Slash and Burn: A Cocktail (Recipe) for Disaster


My body is roadmap of pain.  Of burns, slices and bruises so deep they last for weeks and change color with the seasons.

I have a caramel burn on my back compliments of the caramel burn on my hand.  The hand in question got dunked in 360-degree molten sugar.  I'm not going to go into the stupidity laced backstory on how it came to be submerged in sweet magma.  You need only know that when I had the foresight to remove it, my hand was festively wrapped in sticky hot sweetness.  No Halloween apple had a finer coating.  

My first reaction was to wipe it of on the back of my shirt.  I hit skin instead.  And I stuck.  I did a Martha Graham jig of agony to the sink and stayed there, paw in ice water, for the rest of the day.

I have a growth chart of burn scars up and down my forearms.  And two matching scars on either bicep.  I know how the former got there, hot sheet pans, but I don't know what the hell I did to earn the shiners on my "guns."

We have a mixer.  It's so large that it lives on the floor.  It's been in the exact same spot for three years, sitting just at the end of a stainless steel workbench.  We all cut the turn short at the table and slam our already tender right leg into the protruding gear knob of an immobile 50o pound mixer.  

I've sliced through a nerve on my index finger grabbing for a processor blade, which led to my nickname "psycho finger" because I was afraid to unwrap it from it's first aid swaddling for months.  Tim, he bakes with me, was out for two months with a blueberry injury.  He slipped outside on a nasty patch of ice hauling a crate of wild Maine blueberries. Broke his collarbone.  He lay on the ground, surrounded by thousands of juicy berries for twenty minutes. 

I've never locked up at the end of the day without some kind of wound; the shiny scars left behind on bakers are our equivalent of a laminated all access corporate i.d..  Some of these injuries deserve extra succor of the liquid variety.  Like after a trip to the emergency room for a life threatening lemon zesting injury, a little cocktail is the best medicine.

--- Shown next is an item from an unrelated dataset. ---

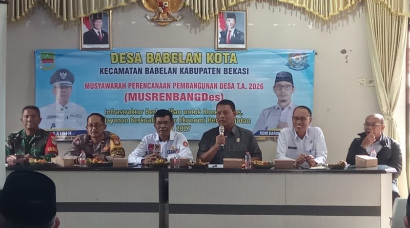 Kabupaten Bekasi, zonainformasinew.com – Pemerintah Desa Babelan Kota menggelar Musyawarah Perencanaan Pembangunan Desa (Musrenbangdes) untuk penyusunan rencana pembangunan tahun anggaran 2027 dengan tema “Infrastruktur Berkeadilan untuk Konektivitas, Pelayanan Berkualitas, dan Ekonomi Berkelanjutan.

I tried this cocktail for the first time in Buenos Aires.  Ray and I went for Christmas for two whole weeks of vacation.  A hemisphere away from mile-high snowdrifts and unintentional power slides on black ice.  No waking at 3:30am and to bed at 8pm.  We ate dinner at midnight.  We'd have a cocktail to pass the time while we mulled the wine list.  I exposed my ankles to the sun and ate grilled meat for breakfast.  But what I took back with me as my fondest taste memory was this beautiful concoction.  It's tropical, mysterious and a great healer.

Passionfruit Healer

1 cup lemon vodka
2 tbsp Triple Sec
12 oz white cranberry juice
12 oz passionfruit juice
a few fresh mint leaves
a drop or two of ginger extract (to taste)

Muddle the mint leaves, ginger extract and a touch of the white cranberry juice in the bottom of a serving pitcher to release the oil in the mint leaves.  Ginger extract is POTENT stuff, so start out timidly.  Add vodka, triple sec and remaining juices.  Stir and add ice.  Serve in a large glass and behold a miraculous recovery.